I am working on the following question:

Let $p>3$ be a prime such that $p \not\equiv 1 \mod 3$. Show that $p$ is not represented by the binary quadratic equation $f(x, y) = x^2 + xy + y^2$.

I would appreciate any help.

Answer 1

If $p > 3$ is prime and not $1 \bmod 3$, it must be $2 \bmod 3$.

On the other hand, $f(x, y) = (x - y)^2 + 3xy \equiv 0, 1 \pmod 3$ since a square must be $0$ or $1 \bmod 3$.

Answer 2

Remember that you can just add up mods.

If $x \equiv 1 \bmod 3$ and $y \equiv 1 \bmod 3$, then $x^2 + xy + y^2 \equiv 0 \bmod 3$.

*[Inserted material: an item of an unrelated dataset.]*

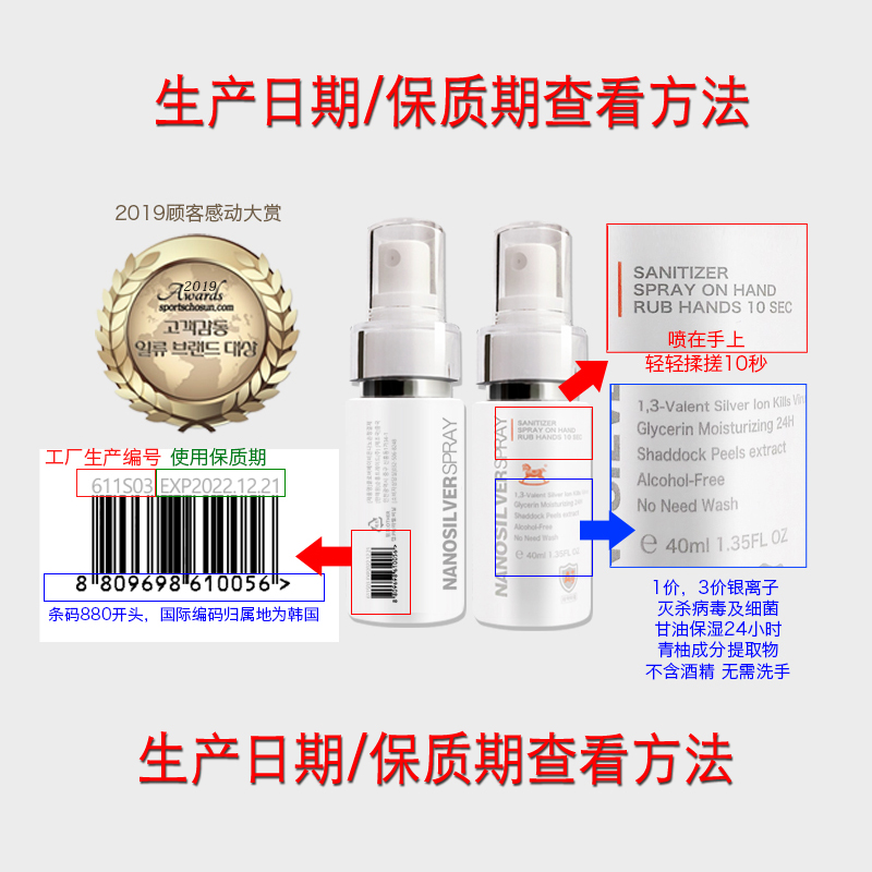 South Korea Silver Ion Free Wash Hand Sanitizer Liquid Disinfectant Germicidal and Portable Carry-on and Dry Hand Children Adult
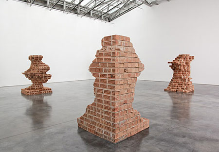 Dami�n Ortega "CAPITAL Less" September 18 - October 31, 2009 Opening Thursday September 17, 5:30-7:30pm 530 West 21 Street New York Gladstone Gallery is pleased to announce its first exhibition with artist Dami�n Ortega. Beginning his career as a political cartoonist, Ortega teases out the social conflicts embedded in even the most banal objects. In his films, sculptures, and other works he deconstructs the economic and political relationships bound together in commodities ranging from automobiles to tools. The creation of these whimsical new spatial relationships reacts with the viewer to establish a demystified reading of the history of the object leaving only its social significations intact. In this new body of work, Ortega created a series of concrete and brick blocks by pressure sanding them into irregular shapes. Equating the loss of material with both geological erosion and the waste of capital, Ortega conflates the action of creating sculpture with an economics of positive and negative spaces. In this case, the economic structure is contingent with form and the process of creating sculpture. His use of bricks allow for further pockets of space within the sculpture recalling both the regular geometry of modernist urban planning, but also to osseous tissue like bone which is composed around tiny spaces. In another series of sculpture, Ortega casts ventilation hoses to appear as post-industrial fossils. These coiled works recall both urban detritus but also the organic coils of insects and worms. In both series of sculptures, Pre-Columbian antecedents mix within the modernist/industrial aesthetics and quasi-organic forms to reconsider the varied anthropological, artistic, and political strains that create urban environments. Dami�n Ortega was born in 1967 in Mexico and currently lives and works in Berlin. He has had solo exhibitions at various international venues such as the Museum of Contemporary Art, Los Angeles; Tate Modern, London; Museu da Arte Pampulha, Belo Horizonte, Brazil; Kunsthalle Basel; and Institute of Contemporary Art, Philadelphia; Centre Pompidou, Paris. He has been included in various prominent group exhibitions including the 2003 Venice Biennale, the 4th Berlin Biennial, and the 2006 Sao Paulo Biennial. This fall his work will be the subject of a retrospective at the Institute of Contemporary Art, Boston, which will be accompanied by a catalogue published in coordination with Rizzoli. |

If $x \equiv 1 \bmod 3$ and $y \equiv 2 \bmod 3$, then $x^2 + xy + y^2 \equiv 1 \bmod 3$.

If $x \equiv 1 \bmod 3$ and $y \equiv 0 \bmod 3$, then $x^2 + xy + y^2 \equiv 1 \bmod 3$.

If $x \equiv 2 \bmod 3$ and $y \equiv 2 \bmod 3$, then $x^2 + xy + y^2 \equiv 0 \bmod 3$.

Obviously we needn't worry about both $x$ and $y$ satisfying $0 \mod 3$, and as for the other possibilities with $x$ and $y$ switched, we can ignore them "without any loss of generality."

Since $x^2 + xy + y^2 \equiv 2 \bmod 3$ is impossible, no $p \equiv 2 \bmod 3$ can be represented by it.